The Massachusetts Anti-Slavery Society and the American Anti-Slavery Society were only two blocks away from the offices of Rand, Avery, which printed Our Nig. These organizations regularly solicited writings for their publications; the Liberator also operated out of this address in 1858. Most of all, Rand himself was an active and committed abolitionist. Instead of broadcasting Wilson's story, Rand chose to produce the book, given its low cost, as a gesture of charity to enable her to overcome the impoverished circumstance to which she alludes in the preface. Either Rand did not exploit the avenues to introduce the text to the abolitionist community he clearly had access to or his attempts failed.
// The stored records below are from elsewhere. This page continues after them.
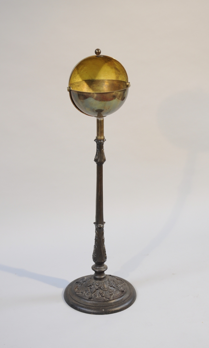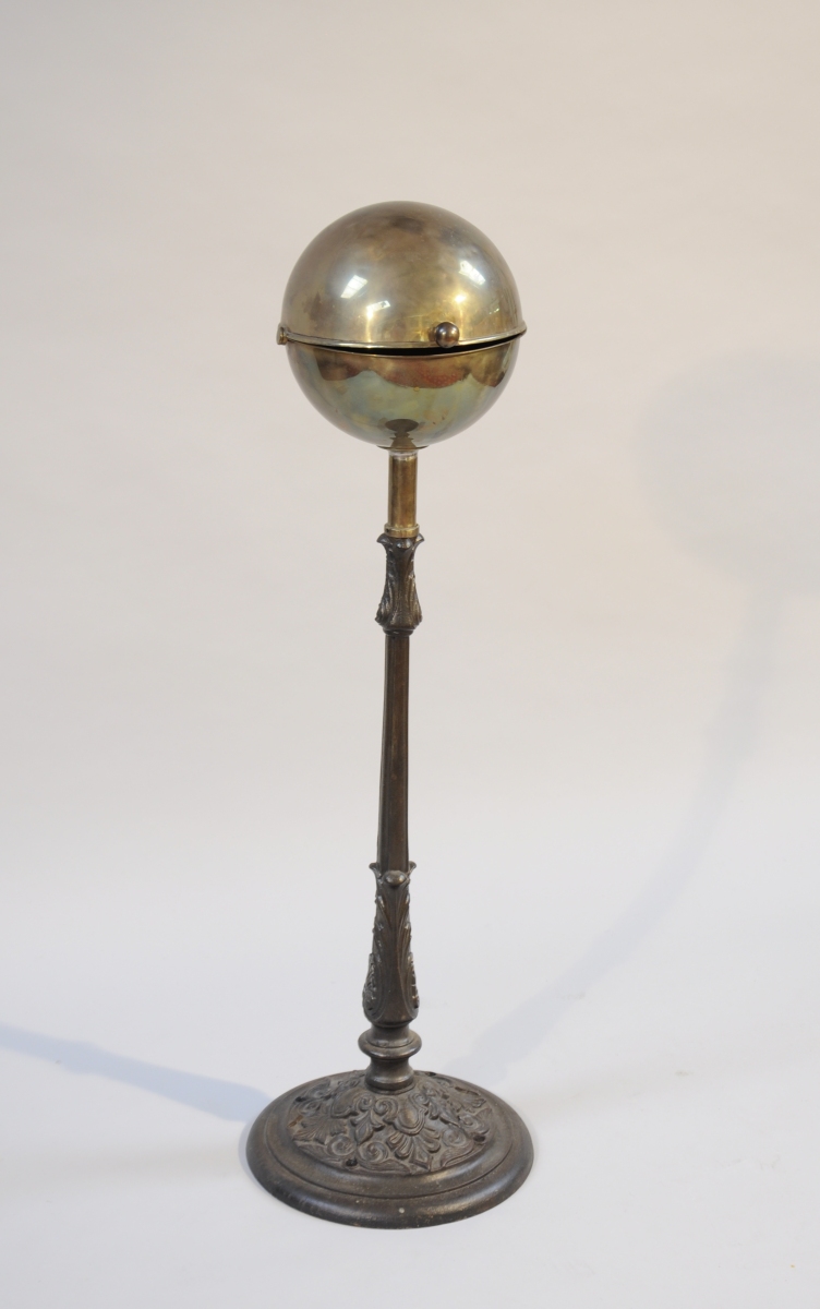 BOULE DE BISTROT en laiton argenté. Marquée "Café de la Paix". Socle-monture en fonte de fer.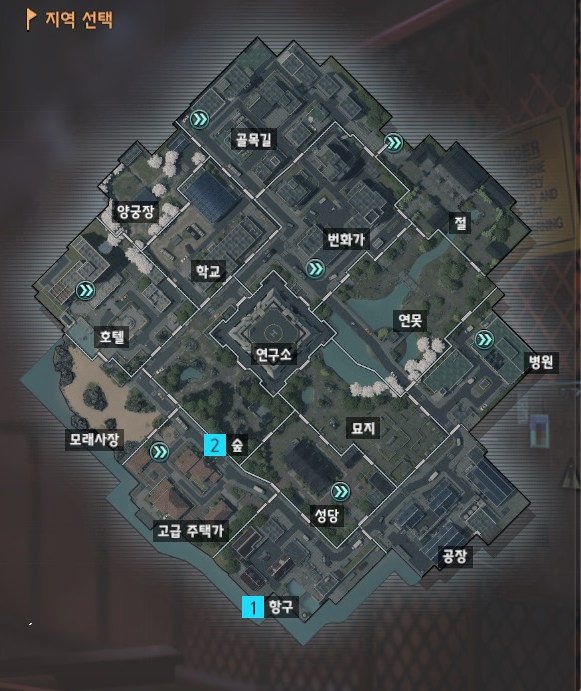게임을 시작하게 되면 각 캐릭터마다 추천 되어있는 아이템 또는 플레이어가 직접 지정한 아이템에 대해서 루트추천이 맵에 표시되며 맵 중앙인 연구소를 제외한 15가지의 지역에서 스타팅을 할 수 있도록 선택이 가능하다.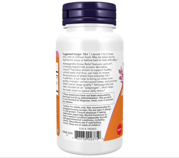 Ashwagandha Stress Relief features Lactium®, a clinically tested milk protein derivative. Lactium® has been shown to support healthy cortisol levels and thus, can help to relieve the symptoms of stress from everyday life.* In addition, it can help to bring on sleep more quickly, maintain uninterrupted sleep, and promote better overall sleep quality.* Ashwagandha has been included as an “adaptogen”, which helps the body adapt to typical daily stress.*
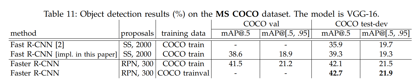 위의 표 11을 통해 RPN이 성능이 더 좋은 것을 확인할 수 있고, mAP@[.5, .95]의 성능 차이를 통해 높은 IoU Threshold에서도 Localization 정확도가 높은 것을 확인할 수 있다.
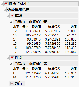 由于最小二乘均值是其他模型因子的特定值处的预测,所以您可以比较它们。检验效应时,将使用最小二乘均值进行比较。有关最小二乘均值的更多详细信息,请参见名义型因子的最小二乘均值和第 449 页的“有序型最小二乘均值”。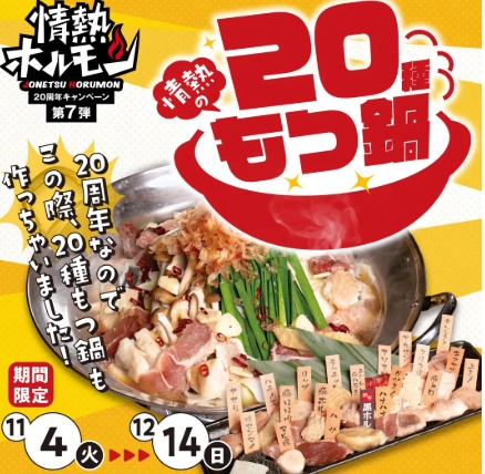 1.情熱ホルモンが創業20周年記念で「情熱の20種もつ鍋」を販売

The novel appears to have been purchased and read as a children's book, as it treats the individual and spiritual development of Frado, Wilson's protagonist and fictional counterpart (Gardner 232-3, 238).
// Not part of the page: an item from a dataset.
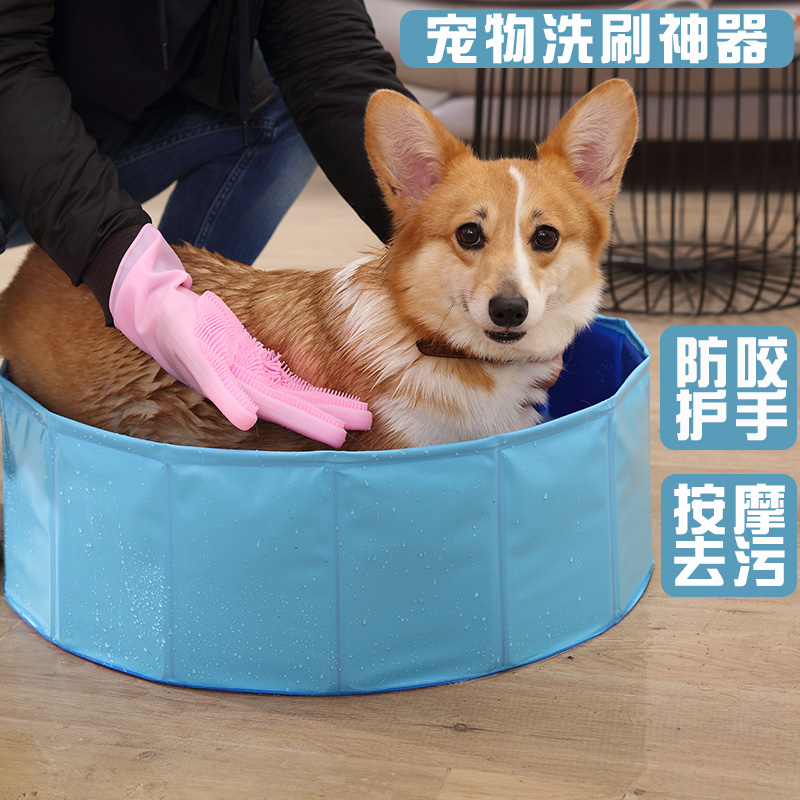 Pet dog teddy bath artifact cat anti-bite anti-scratch golden retriever bath with brush massage thick gloves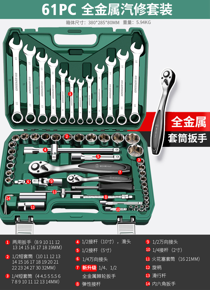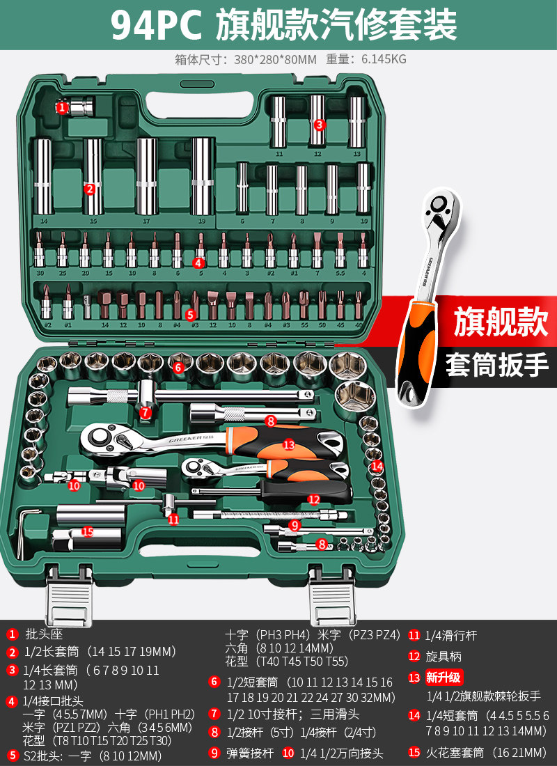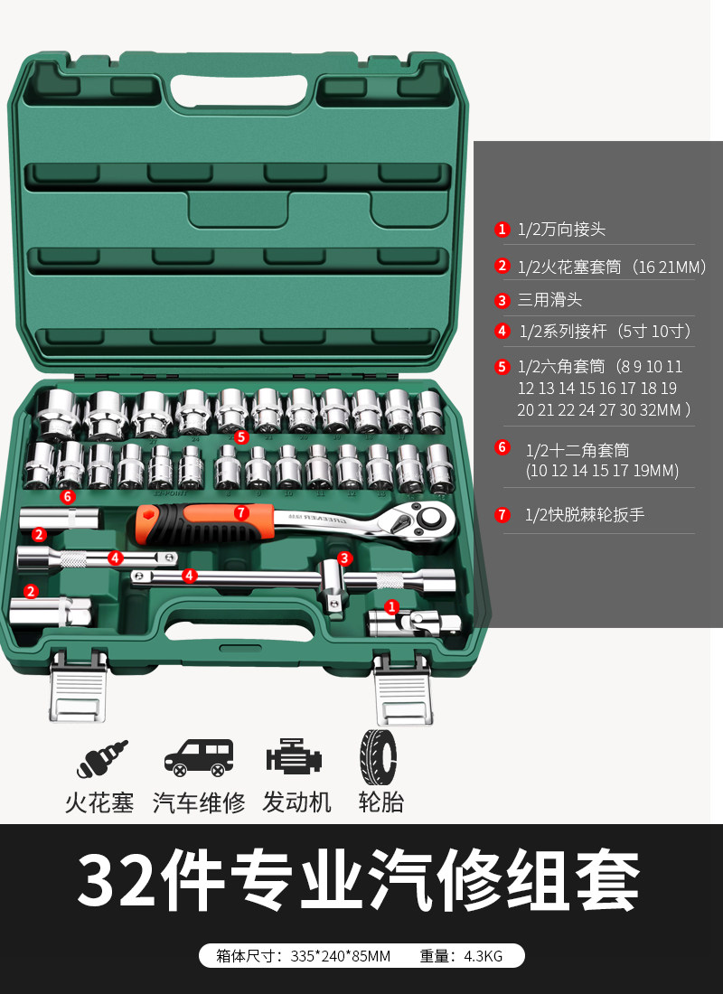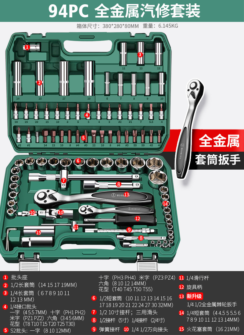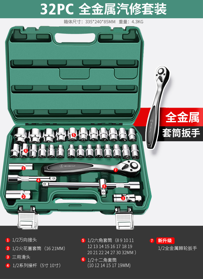 升级72齿弯柄汽修32件套

Wilson's novel received no attention in Boston or elsewhere because, most obviously, abolitionists were focused mainly on the problem of slavery in the distant South; Wilson's free status and the location of her narrative diminished its didactic force; and the wicked Mrs. Bellmont was a mother of the North, as Eric Gardner notes (243-4). While all these factors likely contributed, a more compelling answer to this historical riddle lies in Mrs. Bellmont's role as the ferocious face of the free market, part of the novel's larger anticapitalist rhetorical configuration so repellant to northerners versed in southern sophistry. Not only does this posit a potential answer to abolitionists' glaring neglect of the book, it serves to refine the assumption that the marketplace was Wilson's salvation, when in fact it was a living hell precisely because she was an economic slave in the North.

Economic necessity is Wilson's cross to bear, an evil that continues to plague her, as her diction makes clear: "I am forced to some experiment which shall aid in maintaining myself and child" (3; emphasis mine). The tone is beleaguered and downtrodden, matching the impoverished, desperate condition of Frado's mother, Mag Smith, in chapter 1. Indeed, Wilson does not present herself in the preface of Our Nig as an entrepreneur as much as a solicitor of charitable donations; she does not promote her novel as a highly crafted, appealing product but as a humble attempt at survival. Her apology, for example, to well-educated readers for her aesthetic "inability to minister to the refined and the cultivated" is self-promotion through self-effacement rather than self-aggrandizement (H. Wilson 3). She instead appeals to fellow blacks who might sympathize with her suffering at the hands of a northern racist economy and lend support. An extreme contrast to Wilson's stance here is reflected in Walt Whitman's many prefaces to Leaves of Grass, especially after the 1855 edition, in which he openly courts celebrity status and literary credibility (self-penned glowing reviews, the famous letter from Emerson) in gestures of self-aggrandizing authorial entrepreneurship. Wilson's mere request for money does not make her an entrepreneur; certainly black stories of abuse brought fame along with real political change, as Frederick Douglass's career attests. But the black life story in Our Nig that truly establishes its "status as product for sale" in a commercial sense is Samuel's: "his illiterate harangues were humbugs for hungry abolitionists" (Ernest 424; H. Wilson 128). Samuel's peddling potentially disempowers Wilson's project by fueling the skepticism of her potential supporters. His profit motive, significantly, is a perfect match for the gluttony of "hungry abolitionists," who seem more financially than morally driven, more interested in the show business of lurid fascination than in moral reform.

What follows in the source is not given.